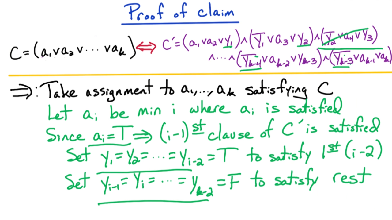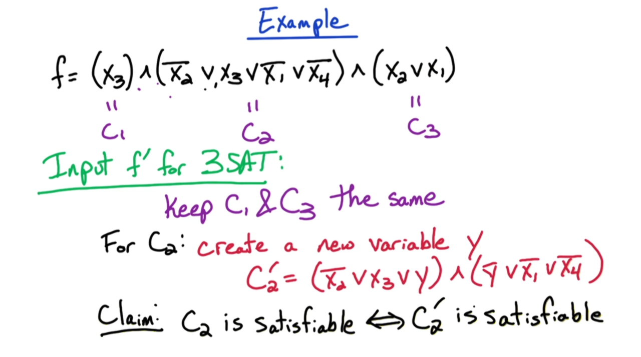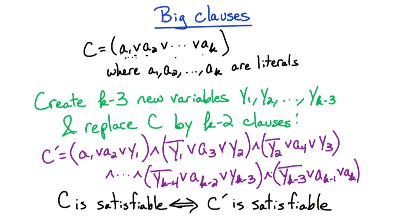 实际上对于包含k个变量的从句$C$我们都可以把它转换为只包含3个变量的从句$C’$:
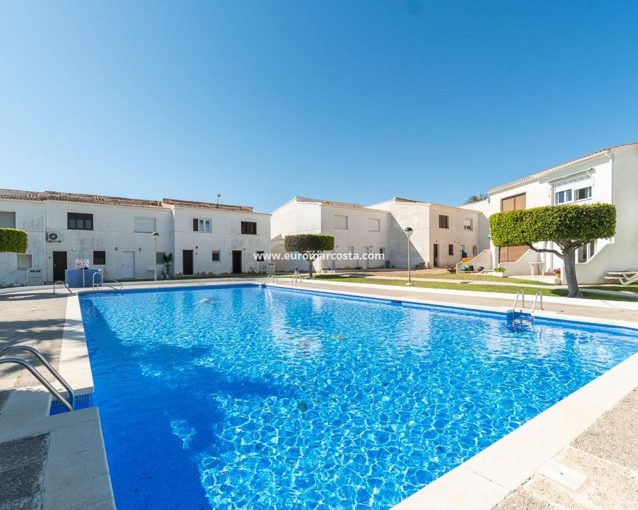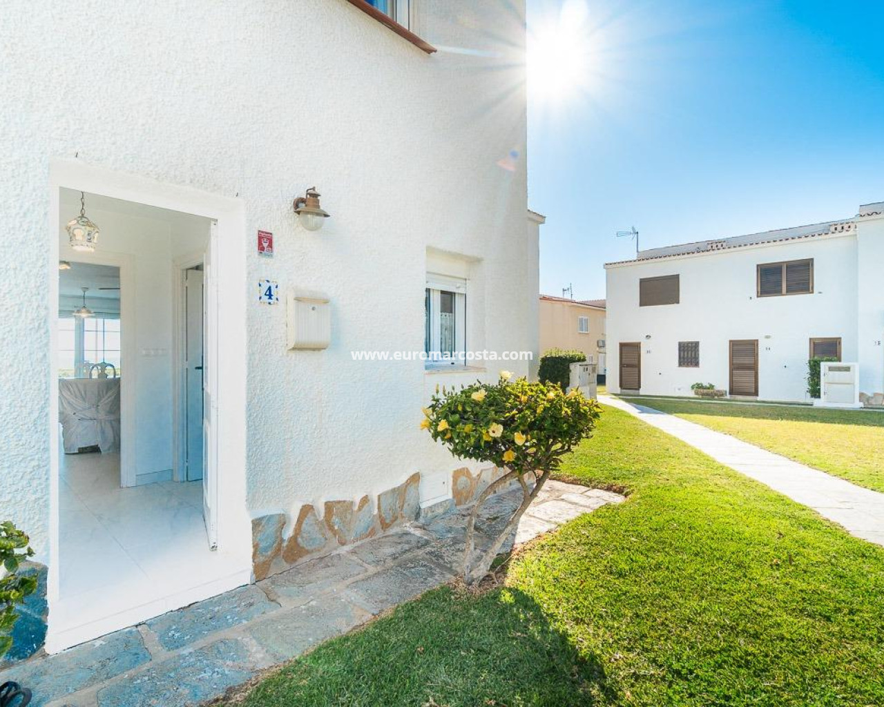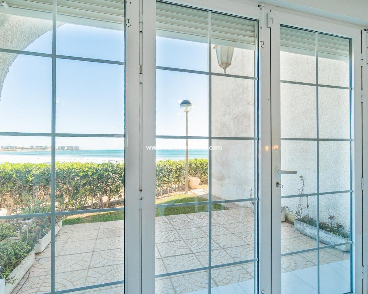Discover a unique gem on the seafront in the prestigious area of Playa Flamenca, where properties rarely come onto the market due to its privileged cliffside location.. . This charming townhouse, with 90 m2 built, offers an unparalleled Mediterranean lifestyle. On the ground floor, you will find a spacious living room filled with natural light, featuring a large front window with direct access to the garden, where you can enjoy open views and the soothing sound of the sea. The kitchen is independent, practical, and perfectly suited for everyday living. At the entrance, there is also a cozy private garden that adds a welcoming touch.. . Upstairs, there are two spacious double bedrooms. The master bedroom is truly exceptional: imagine waking up and enjoying sea views directly from your bed. This floor also includes a fully equipped bathroom.. . The property is part of an exclusive residential complex with a communal swimming pool, perfect for enjoying the Mediterranean climate all year round. In this highly sought-after area, where properties are rarely available, this home represents a unique opportunity both as a permanent residence or an investment.. . Living here means embracing a seafront lifestyle in one of the most desirable locations in Orihuela Costa.. . A truly exceptional property where the sea becomes part of your home.. . Price: €390,000. Taxes and purchase costs not included (according to applicable regulations). A detailed breakdown of additional costs will be provided prior to reservation.
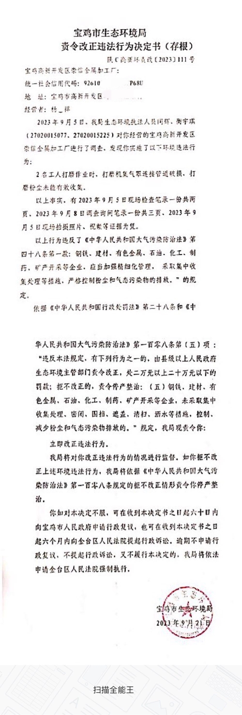 网赌平台责令改正违法行为决定书(陕C高新环责改〔2023〕111号)
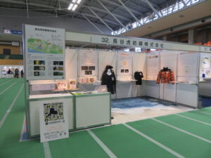 我が社も主力商品をの一つ、人口タンパク質からできた素材など環境に負荷が少ないの商品や機能性素材を中心に展示させていただきました。

Work required - Without any of the pictures, reproduce the listing above exactly.

Solution to this task -
 实际上对于包含k个变量的从句$C$我们都可以把它转换为只包含3个变量的从句$C’$:
Discover a unique gem on the seafront in the prestigious area of Playa Flamenca, where properties rarely come onto the market due to its privileged cliffside location.. . This charming townhouse, with 90 m2 built, offers an unparalleled Mediterranean lifestyle. On the ground floor, you will find a spacious living room filled with natural light, featuring a large front window with direct access to the garden, where you can enjoy open views and the soothing sound of the sea. The kitchen is independent, practical, and perfectly suited for everyday living. At the entrance, there is also a cozy private garden that adds a welcoming touch.. . Upstairs, there are two spacious double bedrooms. The master bedroom is truly exceptional: imagine waking up and enjoying sea views directly from your bed. This floor also includes a fully equipped bathroom.. . The property is part of an exclusive residential complex with a communal swimming pool, perfect for enjoying the Mediterranean climate all year round. In this highly sought-after area, where properties are rarely available, this home represents a unique opportunity both as a permanent residence or an investment.. . Living here means embracing a seafront lifestyle in one of the most desirable locations in Orihuela Costa.. . A truly exceptional property where the sea becomes part of your home.. . Price: €390,000. Taxes and purchase costs not included (according to applicable regulations). A detailed breakdown of additional costs will be provided prior to reservation.
 网赌平台责令改正违法行为决定书(陕C高新环责改〔2023〕111号)
 我が社も主力商品をの一つ、人口タンパク質からできた素材など環境に負荷が少ないの商品や機能性素材を中心に展示させていただきました。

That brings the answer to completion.